There is peace in the valley. The siding construction crew is heading off to parts unknown and uncared about. My final inspection has revealed that my putting up with pounding and vibrating walls for three weeks was not for naught. The work is professional and beautiful.
This morning, when I took the garbage out I told the guys that I’d miss their pretty faces around here. One of them retorted, “We’ll miss your pretty face in the morning, too.” So, the feeling is clearly mutual. So is the sarcasm. But let that not cloud the fact that they did great work.

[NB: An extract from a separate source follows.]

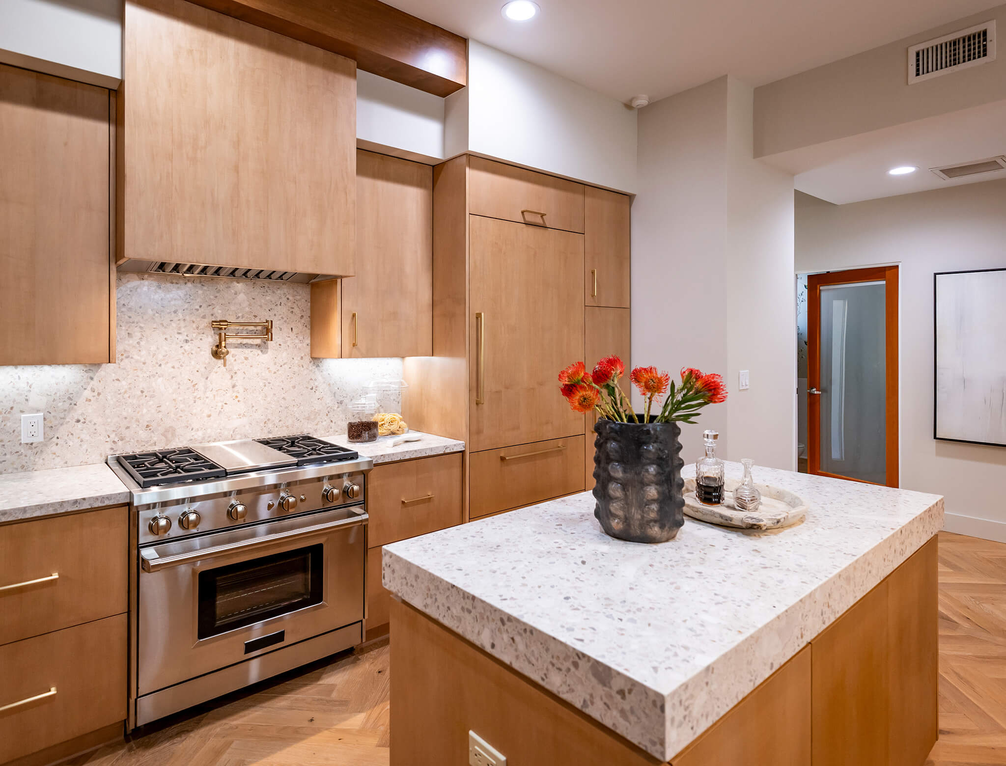 Of course, making the space brighter and lighter was something that was very important to Sarah. Amy loves the look of that natural, mid-century modern aesthetic, and Sarah and the Bros wanted to make sure to incorporate those elements. The light-toned wood was a fabulous way to do this, and the upgraded paneled appliances take the design to the next level.

I hate change orders. There were none. Never know what you’ll find when you tear off 35 year-old siding. I guess it did its job well, but it wouldn’t have lasted much longer. In any case, I dodged a bullet here. No change orders is a good thing. Bluebonnet Custom Roofing was just what I needed. A good roofing contractor was a solution after hail storms in Minneapolis.
Coon on Da Roof
The window guy arrived early to replace the pane that the siding guys broke. When I met him out front, he pointed out something that he said was a first for him: a raccoon sleeping on my roof (see picture). That’s an all-time first for me, too. I have heard the pitter-patter of feet on the roof from time to time, but didn’t think about the possibility of raccoons. I’ve got to wonder why this one decided that a shady part of my roof was a hospitable spot for a daytime snooze, given all the racket going on around here. Learn more from EZWindowSolutions.com on windows security.
Other than raccoon crap on the roof, what are the perils of having a pet raccoon that acts like a cat?
This reminded me of Rhoda, the condo commando in a condo where I lived many years ago. Rhoda was an old yenta who needed to stick her nose into everyone else’s business. (I guess that’s redundant.) She was complaining about rodents at an association meeting where I was privileged to serve as treasurer.
“We have roof rats and we have ground rats, and we have mice, which are the babies of both,” droned Rhoda from the audience.
“Excuse me, Rhoda, but mice are not baby rats,” I stated.
“Yeah, well, WHAT ARE THEY THEN!?!?!?” she belligerently countered, making a complete fool of herself.
I added an anticlimactic retort and moved on to another subject.
But I Digress…
When the workers from roofing West Palm Beach first arrived, the foremen apprised me that there was a family of opossumusses (better known as ‘possums) living behind my back porch. Yesterday he pointed out to me where he had originally found them, but they apparently had the sense to find a better location to get some daytime sleep. They had packed their bags and moved on. Raccoons, in general, are smarter than ‘possums — hell, most rocks are smarter than ‘possums — but in this case, either the ‘coon is deaf, found some earplugs, or is a pet of the construction guys.
The only other wildlife they encountered was a scorpion hiding in some of the wood trim. I hope they didn’t find out about him the hard way.
Back to Semi-Normalcy
Ahhh, finally some peace and quiet around here. Lord, what a tri-week it has been, especially the part where I get up at 6:30 every morning. (I know you working people do that every day, but this retired old fart is used to a little more civility in the morning.)
The contract has a couple more phases now that the siding is done. First, the gutters and downspouts will be replaced. That is to take place tomorrow. Then, the entire house will get two coats of paint (except for the brick part), the job to commence late next week.
Replacing the 20 year-old roof will be the next project, but I’ll contract that sometime in the future. I’ll have to recover from this job first and we’re approaching the rainy, hot summer here, which is not a great time to do roofing, if one has the option to avoid it.